## DATA BLOCK
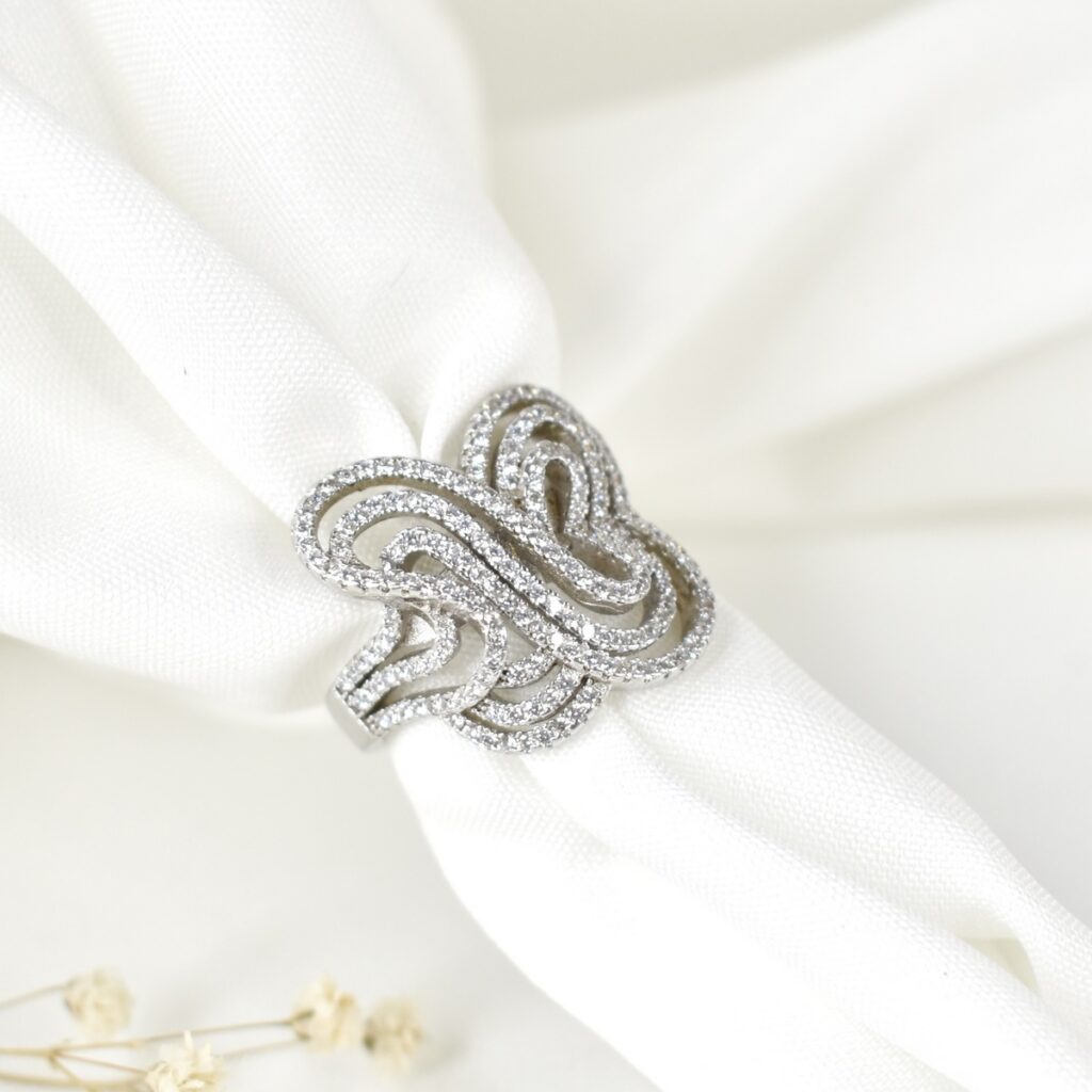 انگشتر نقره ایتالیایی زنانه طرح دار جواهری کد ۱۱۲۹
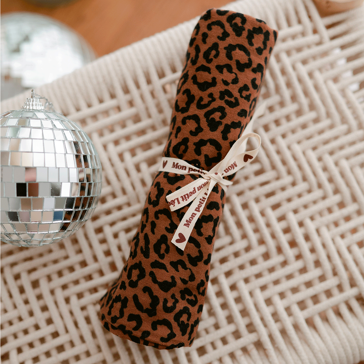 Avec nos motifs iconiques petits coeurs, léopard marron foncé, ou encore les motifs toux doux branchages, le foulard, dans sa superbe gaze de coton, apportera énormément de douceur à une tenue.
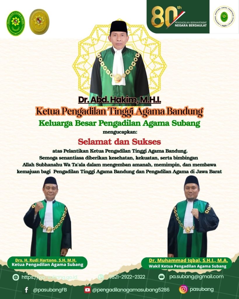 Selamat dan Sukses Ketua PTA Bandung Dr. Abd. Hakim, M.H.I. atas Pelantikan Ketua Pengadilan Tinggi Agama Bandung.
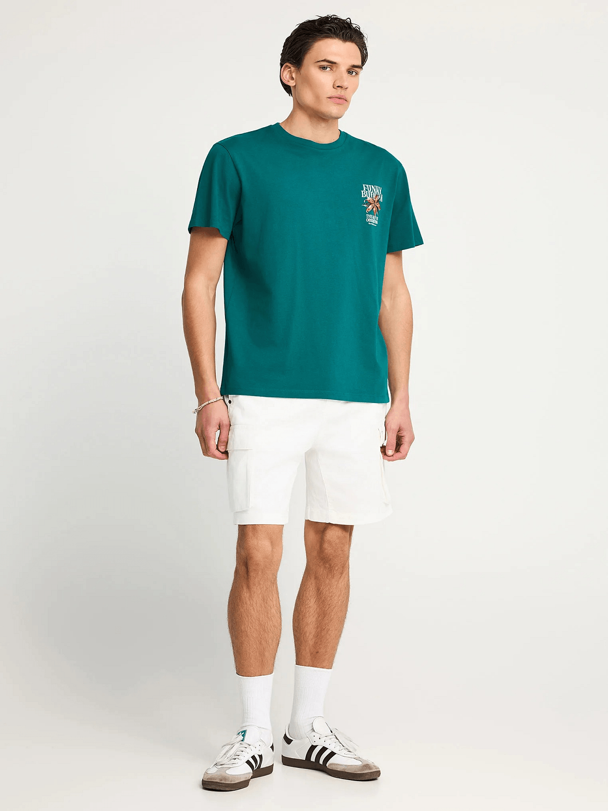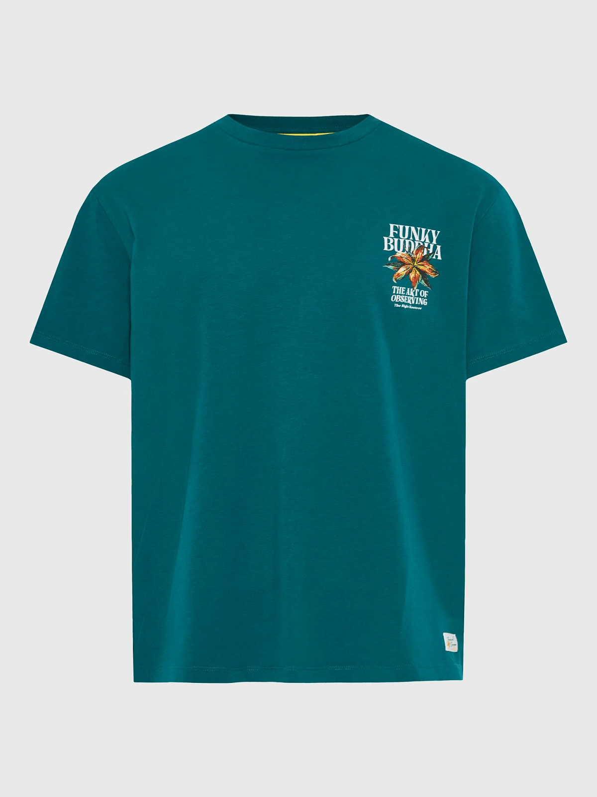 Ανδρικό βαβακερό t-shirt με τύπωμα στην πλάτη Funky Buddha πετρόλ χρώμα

## TASK DETAILS
Leaving the pictures aside, write out only the lines from the one containing "Selamat dan Sukses" through the end of the material, exactly as they stand.

## SOLUTION FOR THIS PROBLEM
 Selamat dan Sukses Ketua PTA Bandung Dr. Abd. Hakim, M.H.I. atas Pelantikan Ketua Pengadilan Tinggi Agama Bandung.
 Ανδρικό βαβακερό t-shirt με τύπωμα στην πλάτη Funky Buddha πετρόλ χρώμα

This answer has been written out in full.